If it’s not ffdshow, you might want to change the DirectShow
Merit or Manually
Note: I have not yet
tested these articles in Windows Vista.
They also contain information that might screw up your machine. Use at your own risk.
If that still didn’t do it, open your file in Windows Media
Player. Right click on the file in your
current playlist and select Properties.
It should also tell you what is being used to decode the file.
Codecs installed by some third party programs like Nero
Burning ROM work poorly in Vista Media Center and Windows Media Player. It’s best to use the steps above to ffdshow
at a higher Merit instead of using these.
Other programs like WinDVD, PowerDVD, and various other video editing
and conversion programs also install various codec’s on your system. Changing the Merit
of these should disable them from working in Media Center.
Xbox 360 Playback
The Xbox 360 doesn’t use PC based codecs. Codec are local on the machine and not user upgradeable. If you have a file that
doesn’t play your choice are to use something like Transcode 360 or to re-encode the file to
a format supported by the Xbox 360.
Unless it’s broke, don’t try and fix it. If you have a working install of your
codec’s, there is no need to upgrade to a newer release.
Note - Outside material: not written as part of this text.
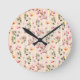 Soft Pink Floral Stripe Pattern Runde Wanduhr
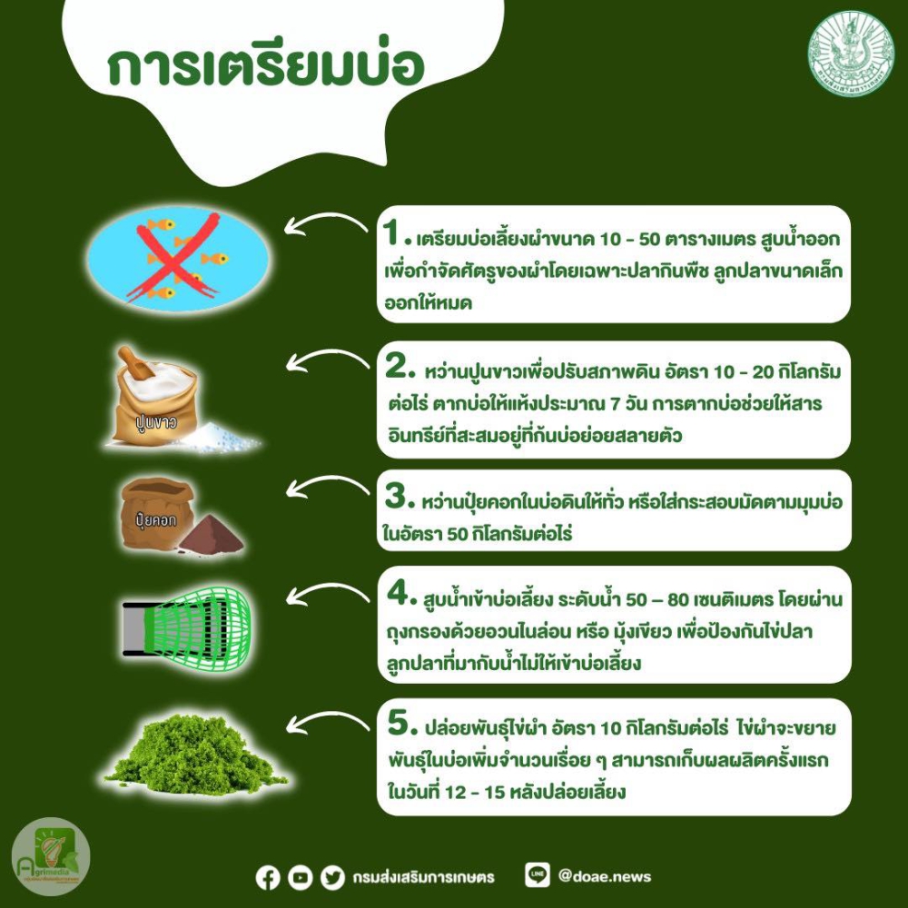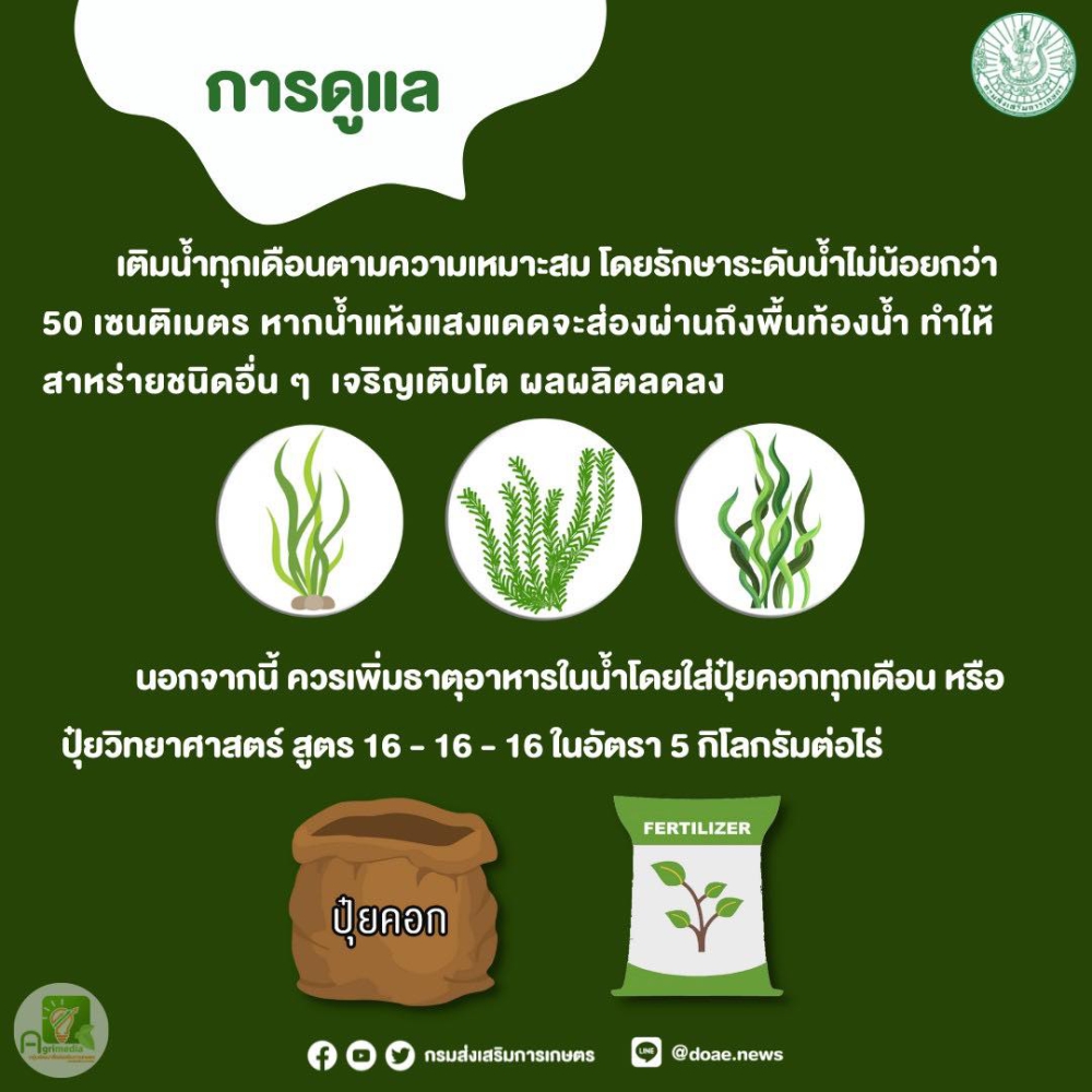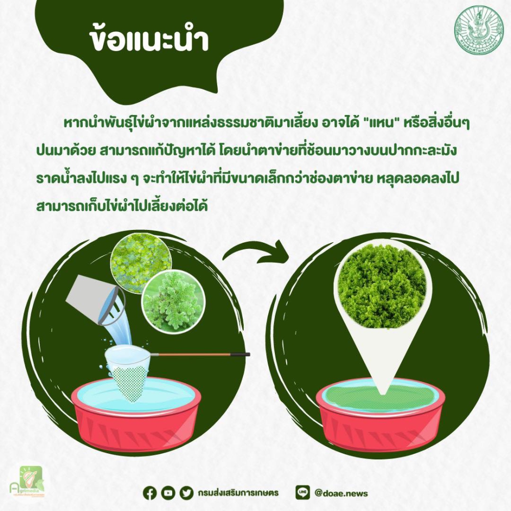 5. ปล่อยไข่น้ำ อัตรา 10 กิโลกรัมต่อไร่ ไข่น้ำจะเริ่มแตกหน่อขยายพันธุ์ในบ่อเพิ่มจำนวนเรื่อย ๆ สามารถเก็บผลผลิตครั้งแรกในวันที่ 12-15 หลังปล่อยเลี้ยง และสามารถเก็บได้ทุก 6 วัน ทั้งนี้การเก็บผลผลิตแต่ละครั้งควรเก็บอัตราไม่เกิน 50% ของพื้นที่เพื่อให้มีมีพันธุ์ไข่น้ำขยายพันธุ์ต่อไป

Since Windows Vista is available in 32-bit (x86) and 64-bit
(x64) this throws another wretch into the problem. Vista Media Center is a native 64-bit
application, so it must have 64-bit decoders.
There is a 64-bit build of ffdshow at this website. I have no idea how well it works, use of
Vista x64 is not advised by me. I would
strongly suggest using x86 until drivers and codec mature. It has taken a long time to get playback on
x86 right, x64 is going to have several speed bumps along the way.
You can change the default MPEG_2 decoder to be used in
Vista Media Center, I personally don’t advise it but use the Vista
Media Center Decoder Utility to do it.
Warning, this will break playback of CableCARD or CGMS-A content. Also, the tool is not supported in Vista x64.
Windows Media Runtime’s should generally not be installed by
any codec pack or tool. These generally
install outdated versions that are prone to cause issues.